### YOUR TASK:
Please reproduce the listing in its entirety, exactly as written, but without images.

### INFORMATION:
────────

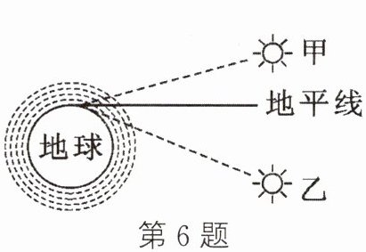 6. 人观察到的落日并非太阳的实际位置(如图所示),而是太阳光经过不均匀的大气层发生了______所成的像,太阳实际在图中______(甲/乙)的位置。人眼所看到的太阳是______(实/虚)像。
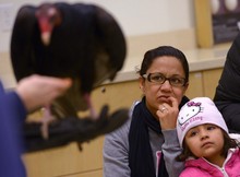 IBell Arroyo and her daughter Shamille, 6, learn about "Miss Irvana" the Turkey Vulture and her environment during Tracy Aviary's program "Exploring Our Communitrees." The program teaches participants the hidden wonders of local trees up-close and personal, and provides a few nose-to-beak experiences with some of the native birds that call them home, Saturday, January 11, 2014
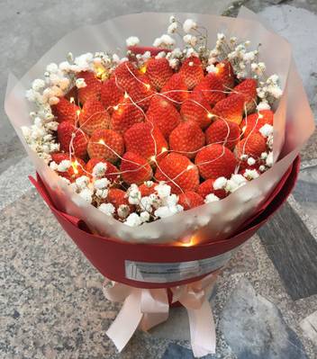 33颗草莓 满天星串灯 里层白色雾面纸 外层暗红色包装纸 |
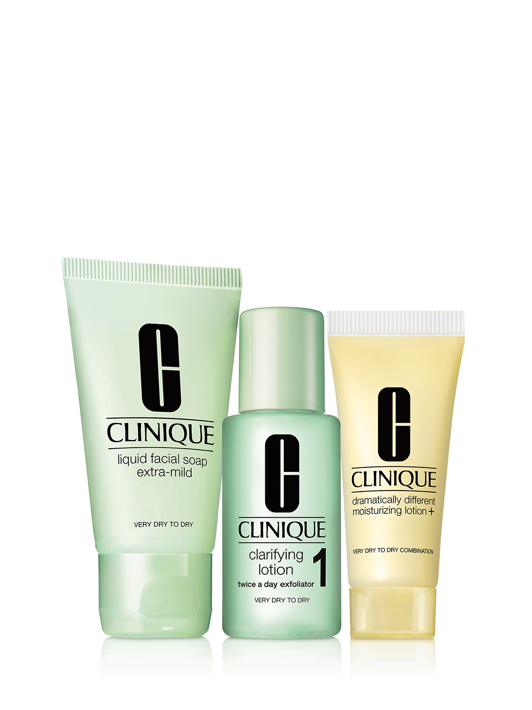 Il programma completo del sistema in 3 fasi.Con gli Intro Kit di Clinique, il Sistema in 3 Fasi è più semplice che mai. Solo 3 minuti, mattina e sera per vedere la tua pelle visibilmente più giovane e fresca. Il nostro Sistema sviluppato da Dermatologi e specifico per il tuo Tipo di Pelle. La confezione contiene:Liquid Facial Soap 50ml Clarifying Lotion 100ml Dramatically Different Moisturizing + 30mlLa Purezza è la Filosofia di Clinique. Senza parabeni. Senza ftalati. Senza profumo. Semplicemente una pelle felice.
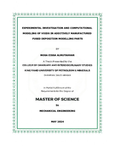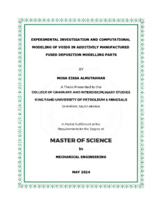 EXPERIMENTAL INVESTIGATION AND COMPUTATIONAL MODELING OF VOIDS IN ADDITIVELY MANUFACTURED FUSED DEPOSITION MODELLING PARTS. Masters thesis, King Fahd University of Petroleum and Minerals.
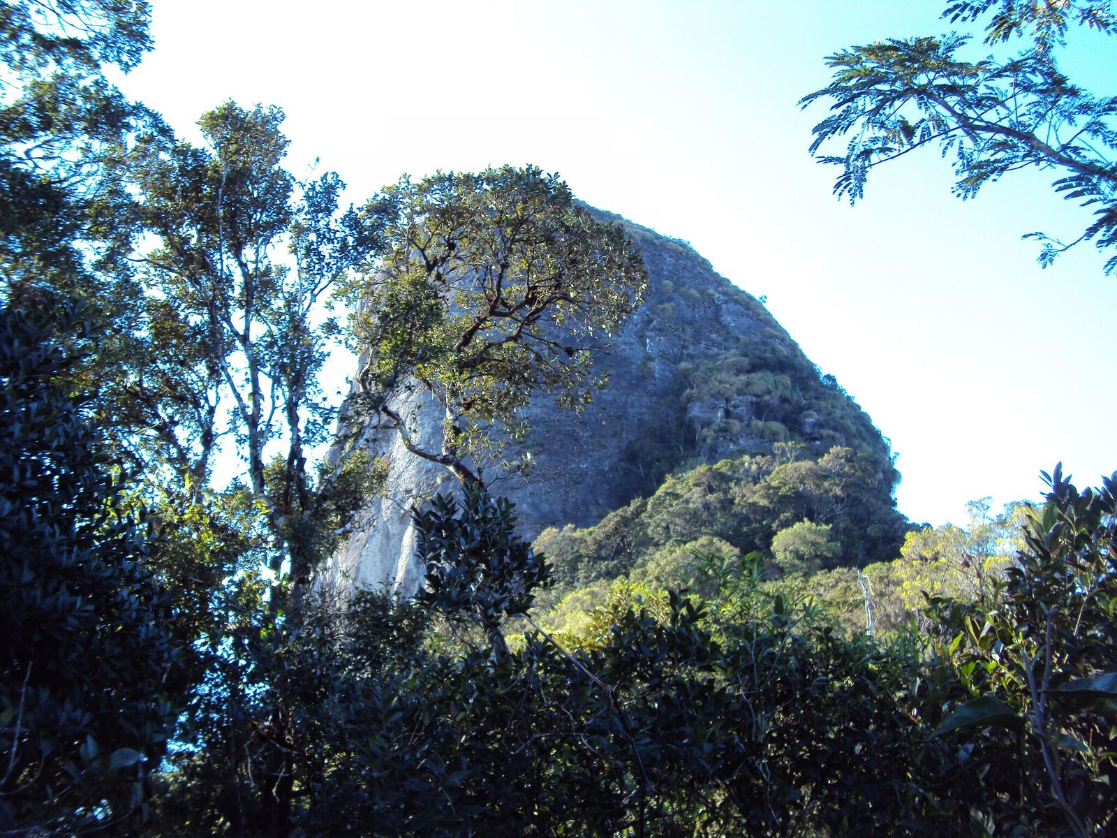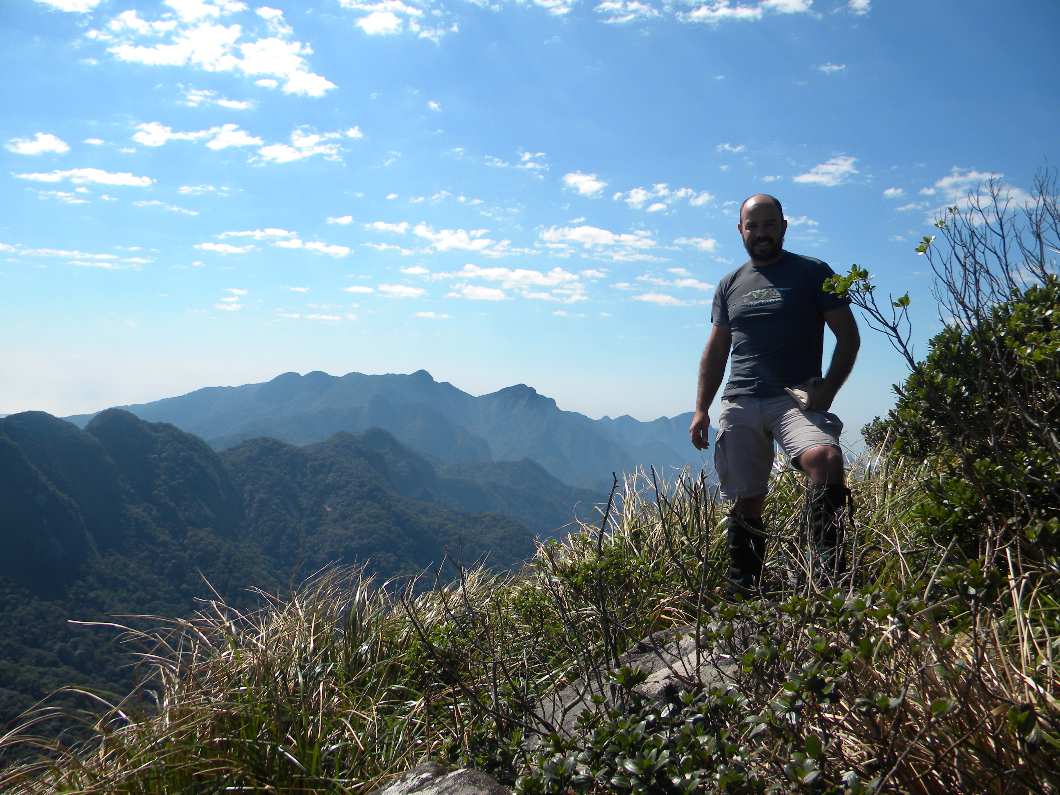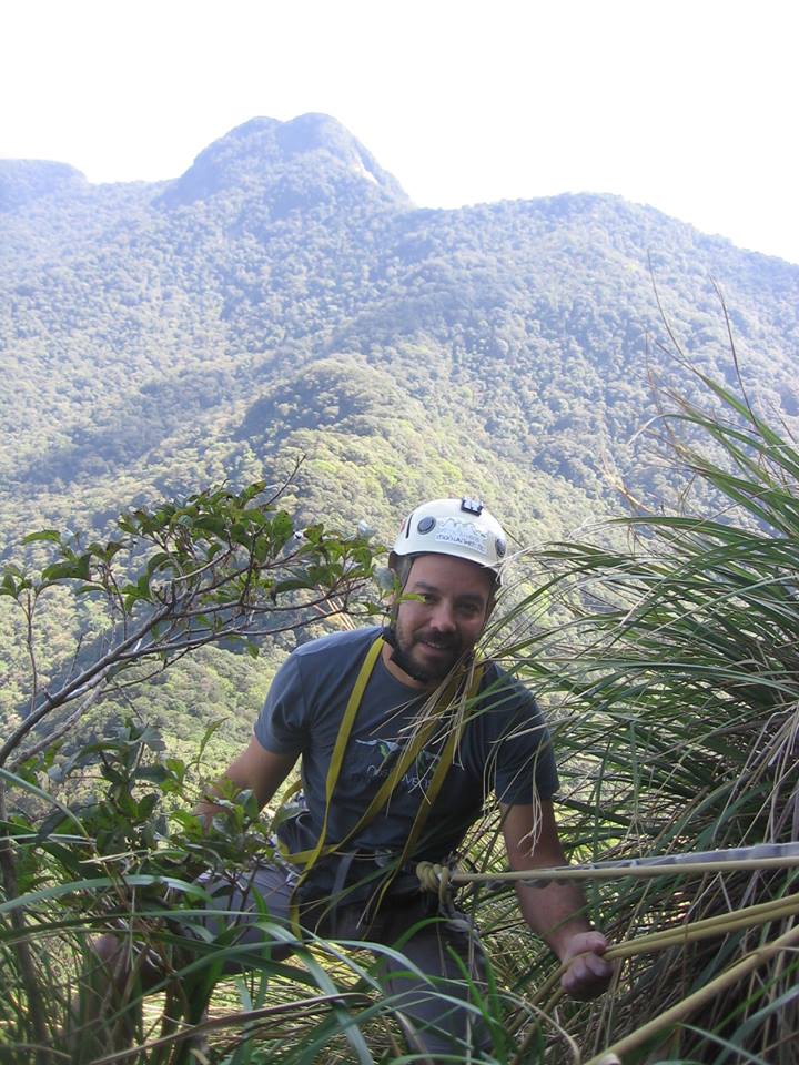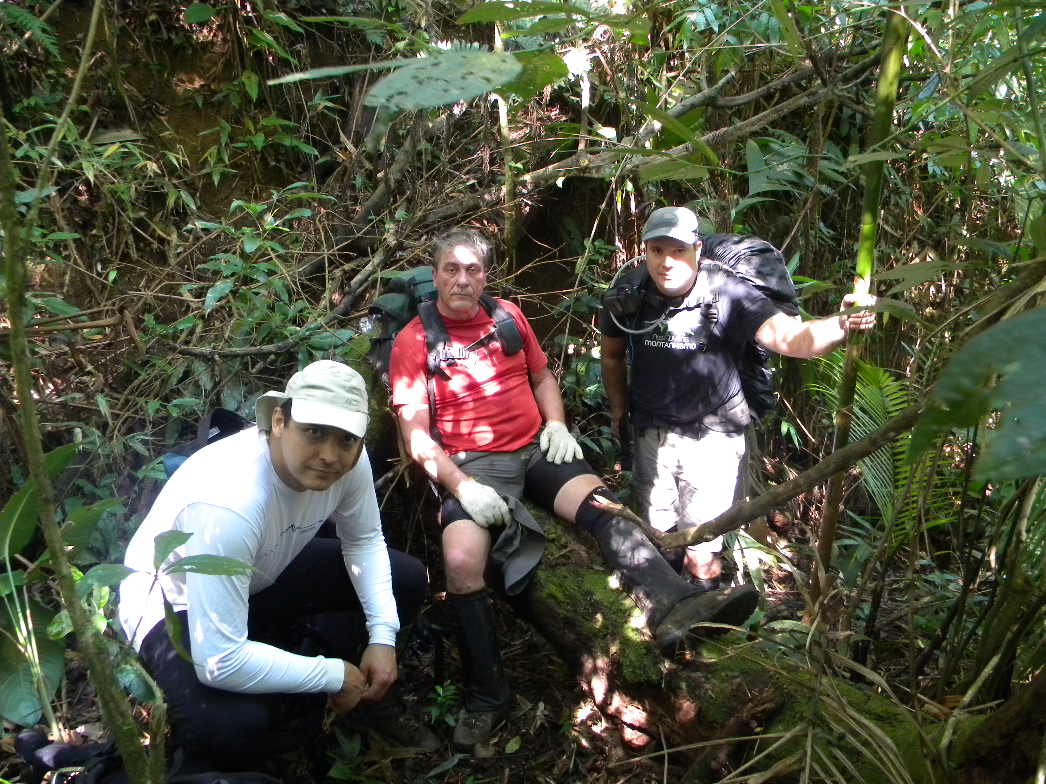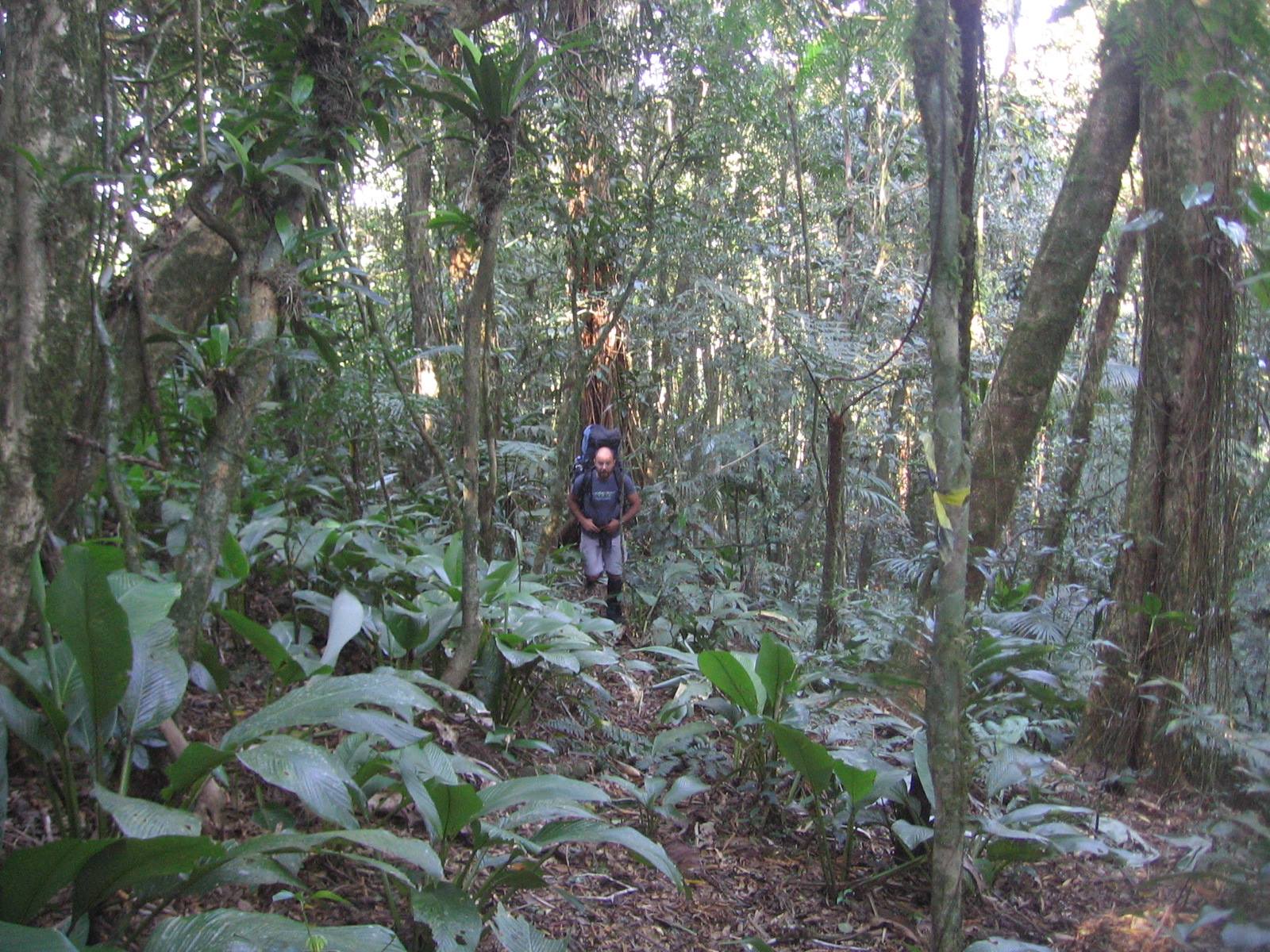 Muito abaixo de nossos pés se iniciava uma crista bem demarcada na direção sudeste até outra montanha mais baixa, continuando até a base da “Pedra” e seguindo além. Tudo coberto pela floresta exuberante com exceção da montanha proibida que se projeta altiva para o céu contra a vastidão da planície litorânea. É o objetivo pessoal, e descemos pela face sul fresca e gotejante, atolados na prazerosa umidade do terreno, desviando precipícios, dependurados em cipós, deslizando pela encosta até o início da crista. Bosque alto com árvores frondosas e forrado com vegetação rasteira, cipós unha-de-gato, taquarinhas e criciúmas que colam como velkron, arrancando a pele na passagem. Seguíamos por trilhas de animais e sobre montes de estrume das antas na crista extremamente seca e sufocante. Se não bastasse o ardor do suor salgado escorrendo sobre os cortes e escoriações, não demoramos a sentir o corpo coçar pela andança dos minúsculos e inevitáveis micuins.

────────

### RESULT BELOW:
 6. 人观察到的落日并非太阳的实际位置(如图所示),而是太阳光经过不均匀的大气层发生了______所成的像,太阳实际在图中______(甲/乙)的位置。人眼所看到的太阳是______(实/虚)像。
 IBell Arroyo and her daughter Shamille, 6, learn about "Miss Irvana" the Turkey Vulture and her environment during Tracy Aviary's program "Exploring Our Communitrees." The program teaches participants the hidden wonders of local trees up-close and personal, and provides a few nose-to-beak experiences with some of the native birds that call them home, Saturday, January 11, 2014
 33颗草莓 满天星串灯 里层白色雾面纸 外层暗红色包装纸 |
 Il programma completo del sistema in 3 fasi.Con gli Intro Kit di Clinique, il Sistema in 3 Fasi è più semplice che mai. Solo 3 minuti, mattina e sera per vedere la tua pelle visibilmente più giovane e fresca. Il nostro Sistema sviluppato da Dermatologi e specifico per il tuo Tipo di Pelle. La confezione contiene:Liquid Facial Soap 50ml Clarifying Lotion 100ml Dramatically Different Moisturizing + 30mlLa Purezza è la Filosofia di Clinique. Senza parabeni. Senza ftalati. Senza profumo. Semplicemente una pelle felice.
 EXPERIMENTAL INVESTIGATION AND COMPUTATIONAL MODELING OF VOIDS IN ADDITIVELY MANUFACTURED FUSED DEPOSITION MODELLING PARTS. Masters thesis, King Fahd University of Petroleum and Minerals.
 Muito abaixo de nossos pés se iniciava uma crista bem demarcada na direção sudeste até outra montanha mais baixa, continuando até a base da “Pedra” e seguindo além. Tudo coberto pela floresta exuberante com exceção da montanha proibida que se projeta altiva para o céu contra a vastidão da planície litorânea. É o objetivo pessoal, e descemos pela face sul fresca e gotejante, atolados na prazerosa umidade do terreno, desviando precipícios, dependurados em cipós, deslizando pela encosta até o início da crista. Bosque alto com árvores frondosas e forrado com vegetação rasteira, cipós unha-de-gato, taquarinhas e criciúmas que colam como velkron, arrancando a pele na passagem. Seguíamos por trilhas de animais e sobre montes de estrume das antas na crista extremamente seca e sufocante. Se não bastasse o ardor do suor salgado escorrendo sobre os cortes e escoriações, não demoramos a sentir o corpo coçar pela andança dos minúsculos e inevitáveis micuins.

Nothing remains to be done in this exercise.